NFL teams are experiencing much the same difficulty as AIG and other Wall Street titans, namely: Who’s in charge? And whose fault is this?
The Washington Redskins are the epitome. After a mediocre season beginning, they have decided to remove their new coach, Jim Zorn, from his sideline position of calling the plays and substitute the recently hired offensive consultant Sherman Lewis as the man to mutter the numbers by wireless to the quarterback, who by the way probably will be subbed as well. The playcalling is the product of what team observers see from perches aloft and what Zorn, now Sherman, decides from field-level. And God knows how many other observers have access to the decisions.

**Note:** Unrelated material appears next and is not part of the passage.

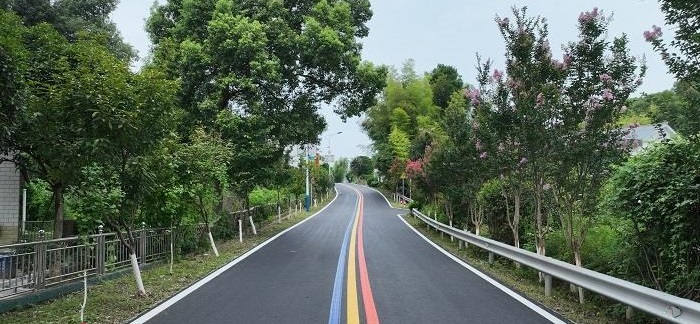 “其实,道路最初设计的颜色就是黑与白。为更好起到旅游带动作用,我们在部分路段试刷了彩色路,没想到被频频点赞,所以就有了这条‘彩虹路’。”湘阴县交通运输局负责人介绍,“天鹅山旅游公路”并不只是在道路中间简简单单画上彩虹分隔线,而是一条生态、文化、旅游、富民的相融之路。

In other words, the 11 men out there playing the game are mere chessmen. Zorn-Sherman has a microphone that radios his quarterback’s helmet receiver what plays to call. To prevent lip-reading spying, he and other sideline coaches mutter the plays into a microphone with a sheet of paper covering their mouths. I say: UNCOVER!
Let football revert to what it used to be — a game run essentially by the quarterback who has a view of the field, sees the weaknesses in the defense, knows the day-to-day expertise of his own players — receivers in particular — and runs the game.

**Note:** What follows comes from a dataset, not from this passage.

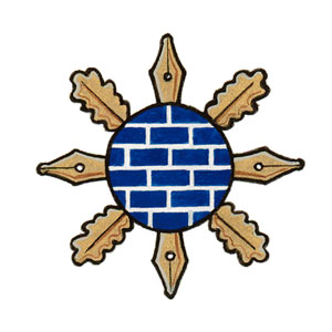 Badge of Jonathan Hardt BrickwoodBlazonA hurt masoned Argent irradiated of fountain pen nibs and oak leaves Or; SymbolismThe field of masoned bricks and the oak leaves recall the shield. The fountain pen nibs identify Mr. Brickwood as a collector of fountain pens and as a writer of history and historical fiction. The overall shape of the badge suggests the sun or a timepiece, a reference to the motto and to Mr. Brickwood’s collection of pocket watches. |

What, you say? Remove the headsets from the automatons we now call quarterbacks? Let the sideline coach signal an occasional play. But let the man who must finally lead the team lead the team. As things now stand, in the Redskins’ case, Zorn is slowly being eviscerated. I say, eviscerate them all. Outlaw and abandon the wireless mics and let the game revert to what it was: one man with particular skills captaining a team, playing the game, finding the weaknesses of the opposition, listening to the intelligence of his teammates in the huddle, and coming up with solutions.
Let the coaches coach. Teach technique where it needs it on the practice field. advising in timeouts and at half-time what he deems are advisable strategies, but allowing the quarterback to play the game.
True, this may vitiate the need for 20 plays in the playbook. There may be some unemployment at practice. But it will return the game to what it once was: a contest played on a field where conditions and responses made all the difference. It was a game once called football. A great game.